▶ [Provided data]
######
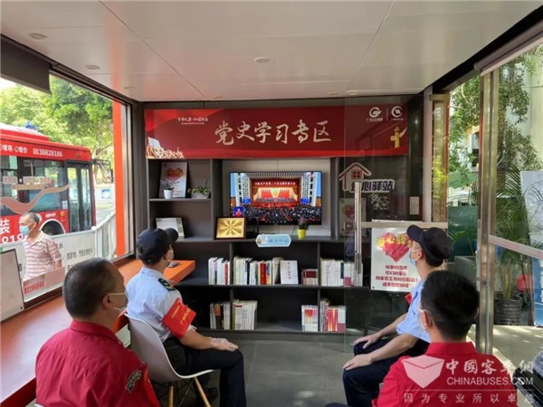 公交站场员工在“党建驿站”集中观看党的二十大开幕会
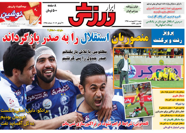 صفحه اول روزنامه‌های ورزشی ۱۱ اردیبهشت ۹۵
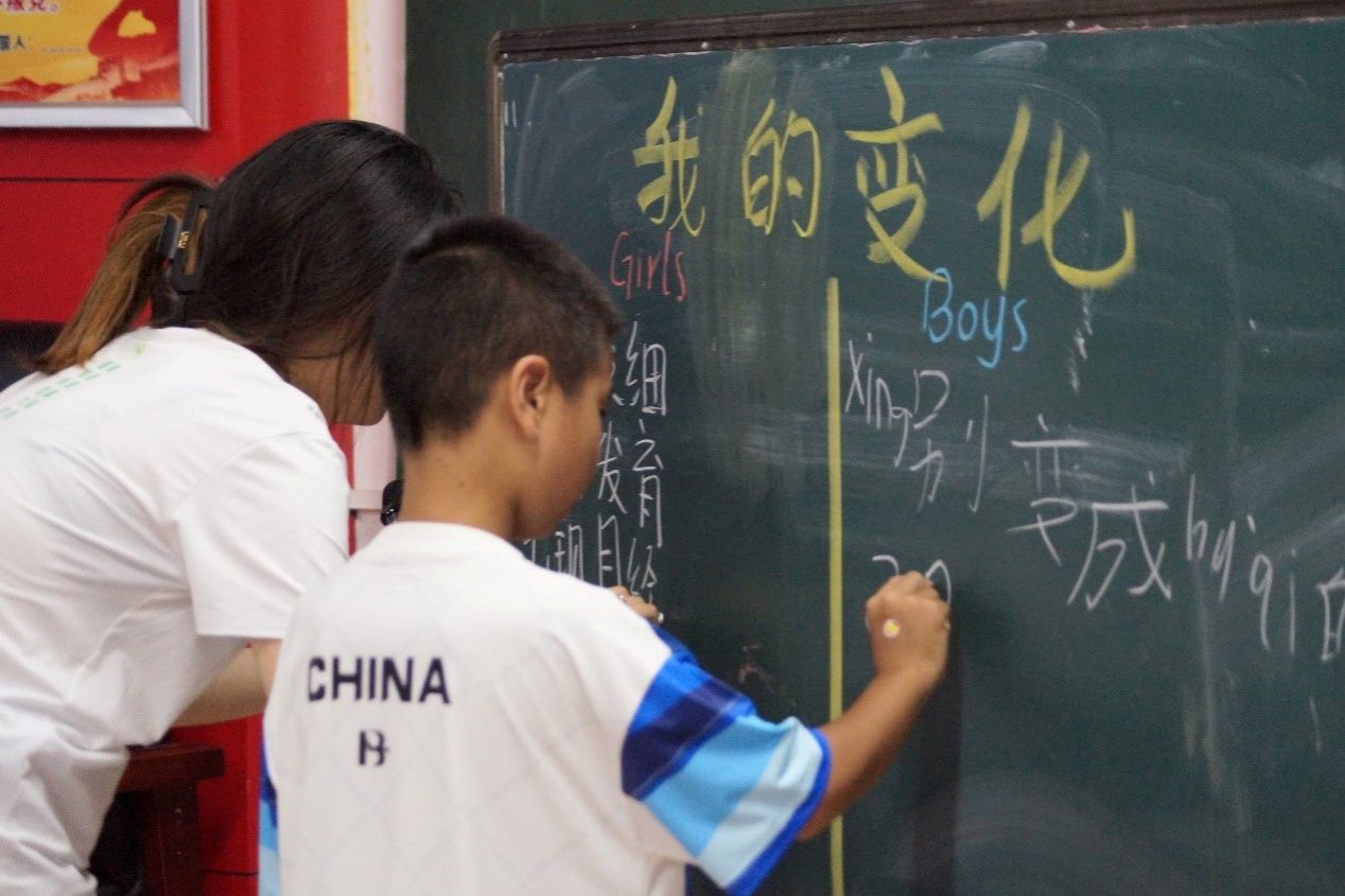 罗佳铭引导学生填写青春期变化
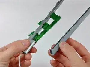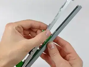 Отделите три зелёные заземляющие ленты антенны от медной ленты вдоль нижнего края ЖК.
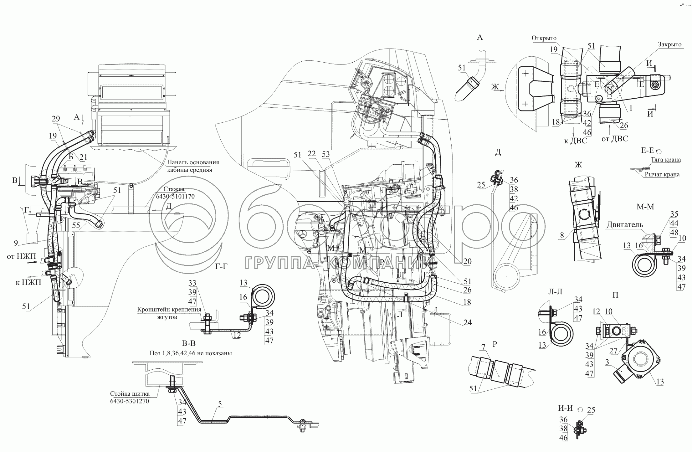 Каталог запасных частей к технике: МАЗ-650119. Установка шлангов отопителя 544019-8100006-010
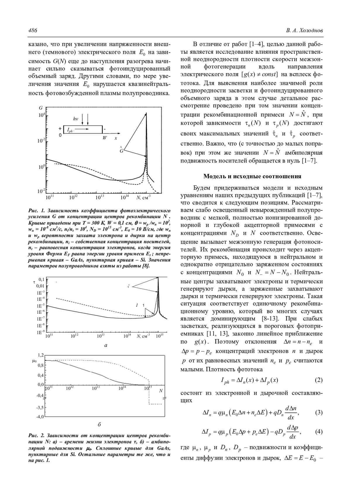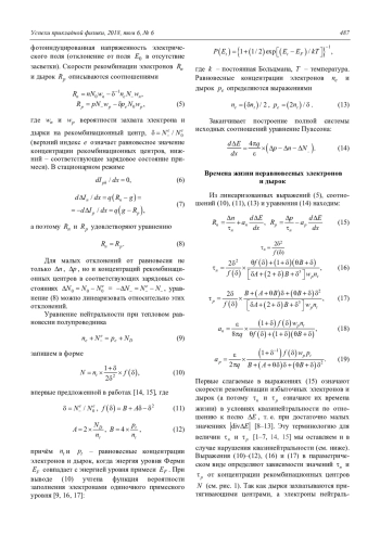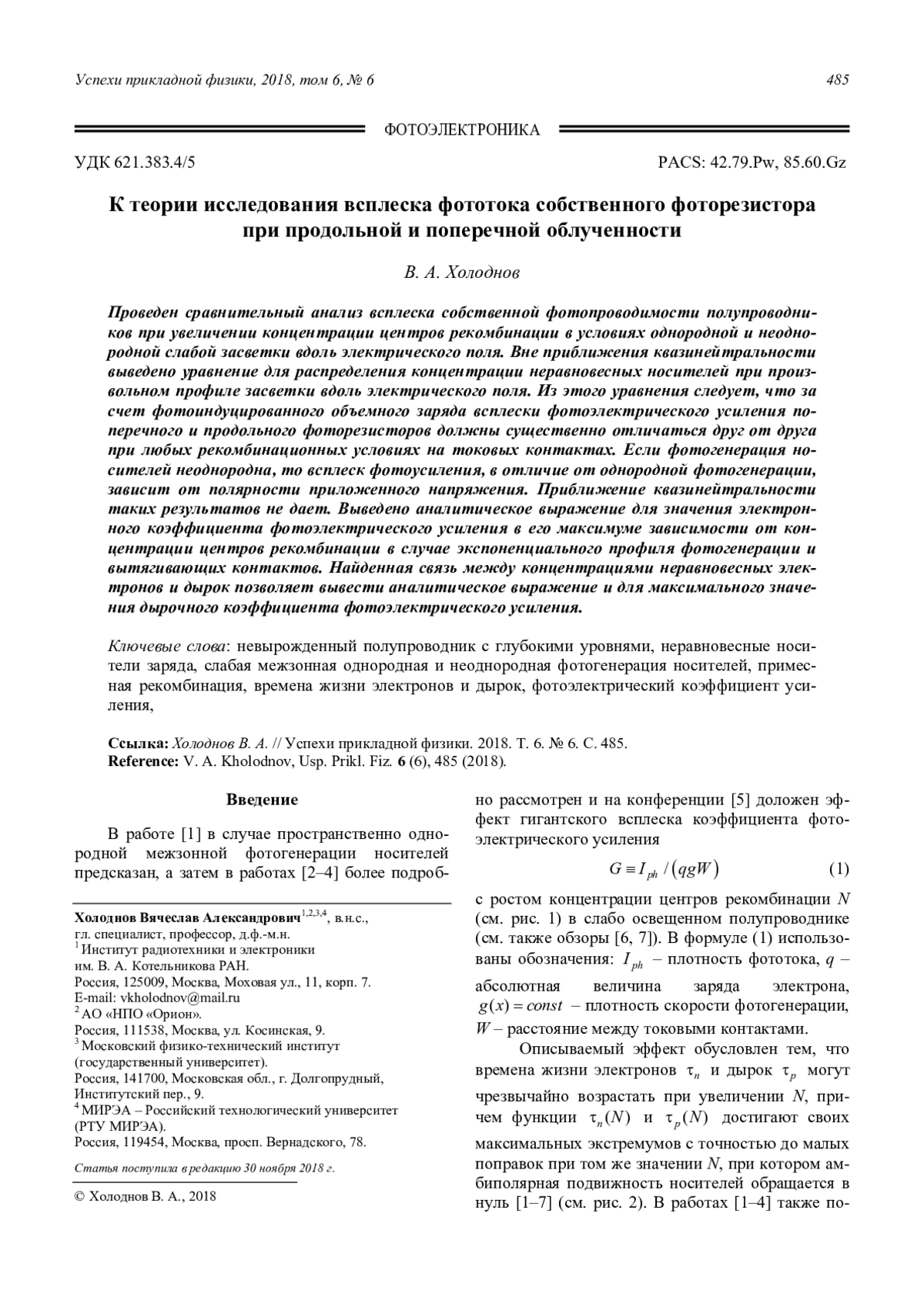 Холоднов В. А. К теории исследования всплеска фототока собственного фоторезистора при продольной и попе-речной облученности 485
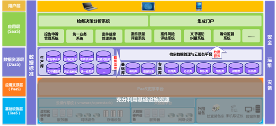 我项目组采用云计算、大数据的现代信息技术作为电子检务工程软件应用建设的总体架构。顺利获得建设的数据共享交换系统和数据服务总线管理系统搭建数据服务层(DaaS层),对检察院所有业务数据进行数据整合,横向打通检察院所有业务科室之间的数据壁垒,将检察院业务数据标准化,和最高检的统一业务系统实现无缝对接,并按照权限给予数据服务,为大数据分析和应用给予了坚实的基础。
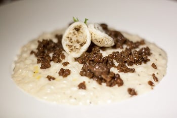 (Risotto con salsiccia battuta al ceppo affumicata con caviale di tartufo nero)
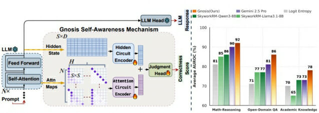 AI가 스스로 "이 답변은 틀릴 것 같아요"라고 판단할 수 있을까? 캐나다 앨버타대학교 연구팀이 AI가 외부 도움 없이 자신의 오류를 예측하는 기술을 개발했다. '노시스(Gnosis)'라는 이름의 이 기술은 매우 적은 용량으로도 훨씬 큰 검증 시스템보다 뛰어난 성능을 보여준다. 연구팀은 이를 AI의 '자기 인식 능력'이라고 부른다.
######
▶ [What the task requires]
The reply should hold the entries above from the line with "罗佳铭引导学生填写青春期变化" to the line with "(Risotto con salsiccia", duplicated exactly, pictures excluded.

▶ [Solution for this problem]
 罗佳铭引导学生填写青春期变化
 Отделите три зелёные заземляющие ленты антенны от медной ленты вдоль нижнего края ЖК.
 Каталог запасных частей к технике: МАЗ-650119. Установка шлангов отопителя 544019-8100006-010
 Холоднов В. А. К теории исследования всплеска фототока собственного фоторезистора при продольной и попе-речной облученности 485
 我项目组采用云计算、大数据的现代信息技术作为电子检务工程软件应用建设的总体架构。顺利获得建设的数据共享交换系统和数据服务总线管理系统搭建数据服务层(DaaS层),对检察院所有业务数据进行数据整合,横向打通检察院所有业务科室之间的数据壁垒,将检察院业务数据标准化,和最高检的统一业务系统实现无缝对接,并按照权限给予数据服务,为大数据分析和应用给予了坚实的基础。
 (Risotto con salsiccia battuta al ceppo affumicata con caviale di tartufo nero)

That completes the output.